- [Task prompt] Only the lines from the one that includes "证券之星消息,10月31日房" through the last line below belong in the reply, copied exactly and without pictures.

----------

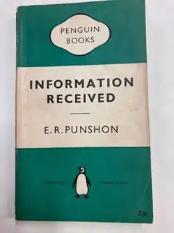 Information Received is a 1933 mystery crime novel by the British writer E. R. Punshon.[1] It is the first in his series of thirty five novels featuring Detective Constable Bobby Owen of Scotland Yard, replacing his previous series of five novels featuring Inspector Carter published between 1929 and 1932. It was reviewed by Dorothy L. Sayers.[2]
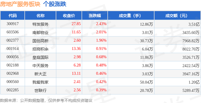 证券之星消息,10月31日房地产服务板块较上一交易日上涨0.92%,特发服务领涨。当日上证指数报收于3018.77,下跌0.09%。深证成指报收于9863.8,下跌0.65%。房地产服务板块个股涨跌见下表:
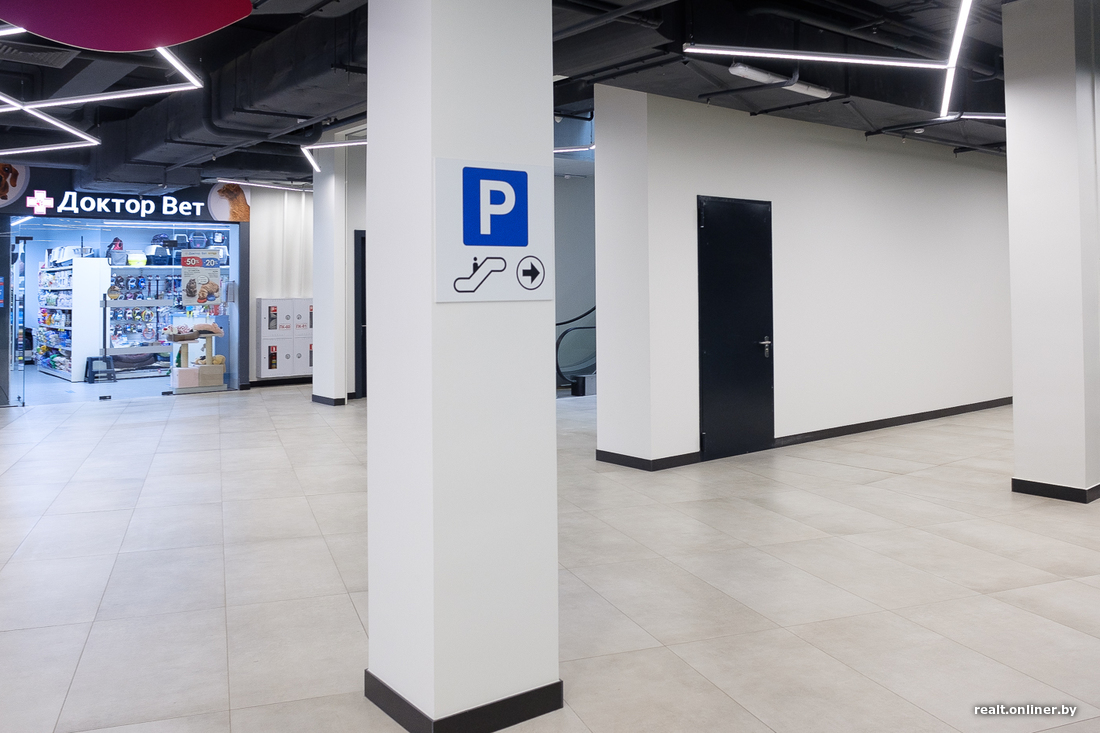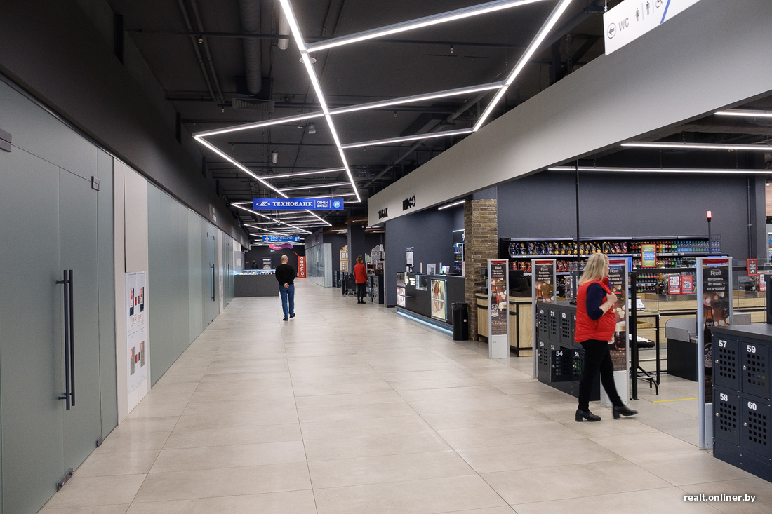 Пока можно пройтись только по первому этажу, остальные закрыты. Помимо супермаркета работают «Белгосстрах», обменник, пункт выдачи заказов компаний «21 век» и Lamoda, «Доктор Вет», точка с цветами.
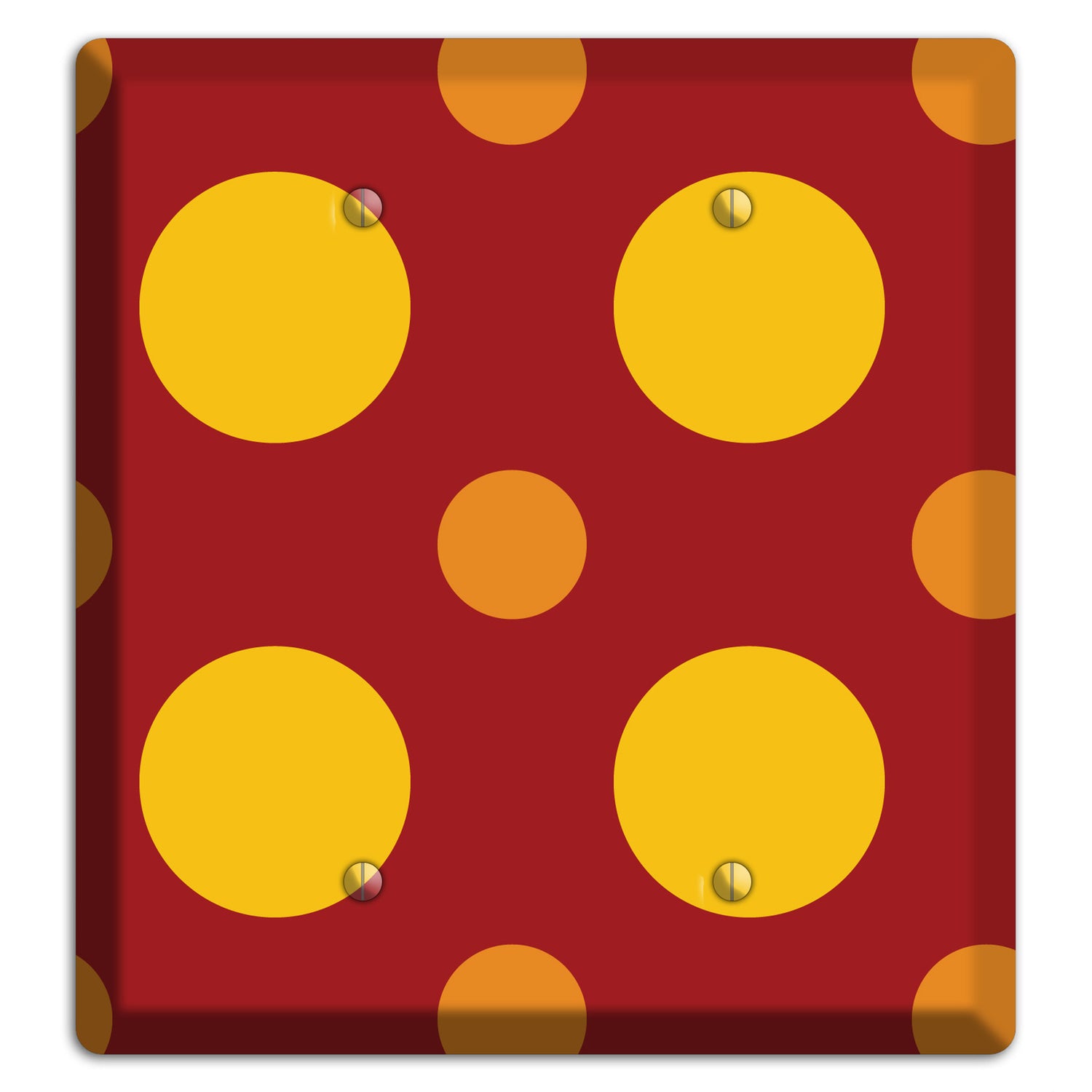 The Red with Multi Orange Multi Medium Polka Dots 2 Blank Wallplate are very unique and cannot be found anywhere else. These USA made metal plates are highly detailed and made with some of the newest UV imaging technology available resulting in photograph quality prints on durable metal switchplates.
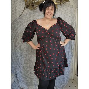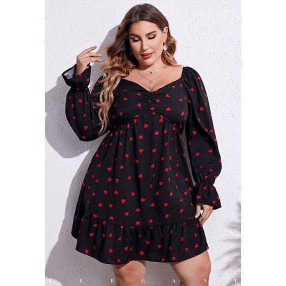 ❤ Plus Size Valentine’s Day Sweetheart Neck Long Sleeve Ruffle Hearts Print A-Line Black Dress NWT
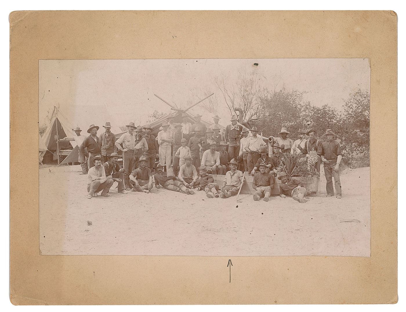 Four 8.5 x 6 albumen portraits showing artillery batteries from afar, with ink notations to several of the images (presumably identifying Weinert), affixed to larger mounts. One is annotated on the reverse of the mount, Light Batteries E & K - 1st N. Y. Artillery, Captains Allyn Capron & J. W. Dillenback, Presidio, San Francisco, California, 1889, Presented to M. P. H. Weinert, St. George Hotel, Brooklyn, N.Y., Sept. 13th 1900."
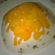 Take a mold (I used glasses). Layer as follows: banana, cottage cheese mixture, kiwi, cottage cheese mixture, peach, cottage cheese mixture.
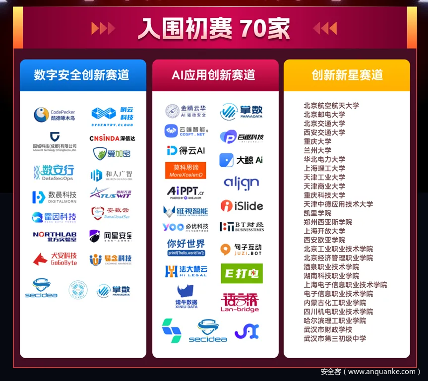 目前,大赛评审团将从技术测评、投资评估、发展解析等层面进行全维度考量评判,以更高视角评估参赛项目的创新形式、实际落地效果、行业推动意义等价值,挖掘出真正能推动数字安全与AI应用创新发展的“明日之星”。在激烈的初赛竞争阶段中,70家创新势力将有30家成功闯入决赛,最终战果,敬请期待!

----------

- [Exercise response]
 证券之星消息,10月31日房地产服务板块较上一交易日上涨0.92%,特发服务领涨。当日上证指数报收于3018.77,下跌0.09%。深证成指报收于9863.8,下跌0.65%。房地产服务板块个股涨跌见下表:
 Пока можно пройтись только по первому этажу, остальные закрыты. Помимо супермаркета работают «Белгосстрах», обменник, пункт выдачи заказов компаний «21 век» и Lamoda, «Доктор Вет», точка с цветами.
 The Red with Multi Orange Multi Medium Polka Dots 2 Blank Wallplate are very unique and cannot be found anywhere else. These USA made metal plates are highly detailed and made with some of the newest UV imaging technology available resulting in photograph quality prints on durable metal switchplates.
 ❤ Plus Size Valentine’s Day Sweetheart Neck Long Sleeve Ruffle Hearts Print A-Line Black Dress NWT
 Four 8.5 x 6 albumen portraits showing artillery batteries from afar, with ink notations to several of the images (presumably identifying Weinert), affixed to larger mounts. One is annotated on the reverse of the mount, Light Batteries E & K - 1st N. Y. Artillery, Captains Allyn Capron & J. W. Dillenback, Presidio, San Francisco, California, 1889, Presented to M. P. H. Weinert, St. George Hotel, Brooklyn, N.Y., Sept. 13th 1900."
 Take a mold (I used glasses). Layer as follows: banana, cottage cheese mixture, kiwi, cottage cheese mixture, peach, cottage cheese mixture.
 目前,大赛评审团将从技术测评、投资评估、发展解析等层面进行全维度考量评判,以更高视角评估参赛项目的创新形式、实际落地效果、行业推动意义等价值,挖掘出真正能推动数字安全与AI应用创新发展的“明日之星”。在激烈的初赛竞争阶段中,70家创新势力将有30家成功闯入决赛,最终战果,敬请期待!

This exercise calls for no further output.